Realmente varía mucho la impedancia de una válvula en función de cómo se opere, a mí me resulta anecdótico, porque según marca y origen tienen variaciones, entonces lo que hago, es medir con que impedancia entrega la máxima potencia.


----------



## hazard_1998 (Abr 16, 2009)

precisamente ariel, con bias fijo a -37V, tension de reja1 a reja1 de 70Vpp y catodo a masa.  si bajas la impedancia de carga de placa obviamente aumenta la potencia, pero ojo, porque si te pasas por demas vas a pasarte de la maxima disipacion anodica que puede soportar la valvula (30W). produciendo en el peor de los casos gaseo en la valvula ( se entiende por gaseo al punto en el cual por aumento drastico de la temperatura de catodo, éste desprenda particulas de torio en sus cercanias y este se ionice, produciendo gas en las cercanias del catodo) en pocas palabras, respetando al fabricante las valvulas te lo agradeceran....
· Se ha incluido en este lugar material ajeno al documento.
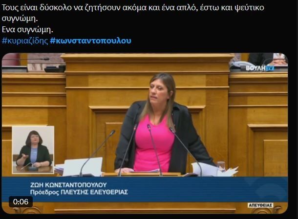 Δεν είναι η πρώτη φορά που η Ζωή Κωνσταντοπούλου είδε το όνομά της να γίνεται πρώτο trend στο Χ, όμως ο λόγος για τον οποίο αυτό έγινε σήμερα, ανήμερα της γιορτής της γυναίκας, μάλιστα, μάλλον ήταν κάτι που δεν περίμενε -ούτε κανείς άλλος.

pd: para 2 valvulas 6L6GC pero con 360V de tension de placa y 270 de tension de reja2 pero en clase AB2 si la impedancia recomendada es 3800 ohm, pero definitivamente no le sirve ese driver, ya que debe suministrarle corriente a grilla1 (tension de bias -22.5V, tension de audio reja1 a reja1 de cresta 72V)


----------



## arields1 (Abr 16, 2009)

Está bien lo que decís, pero cuando te pasás de lo que puede disipar la válvula te das cuenta porque se sonnrojean las placas y la válvula no te dura nada, y justamente uno de los puntos principales para que "suene" la impedancia debe ser la justa, en el punto de máxima transferencia, y te recuerdo que e los amplificador de instrumentos musicales usan la misma tensión en placa que en reja 2, salvo los que usan la mitad para la reja 2 pero allí es otra la impedancia de carga.


----------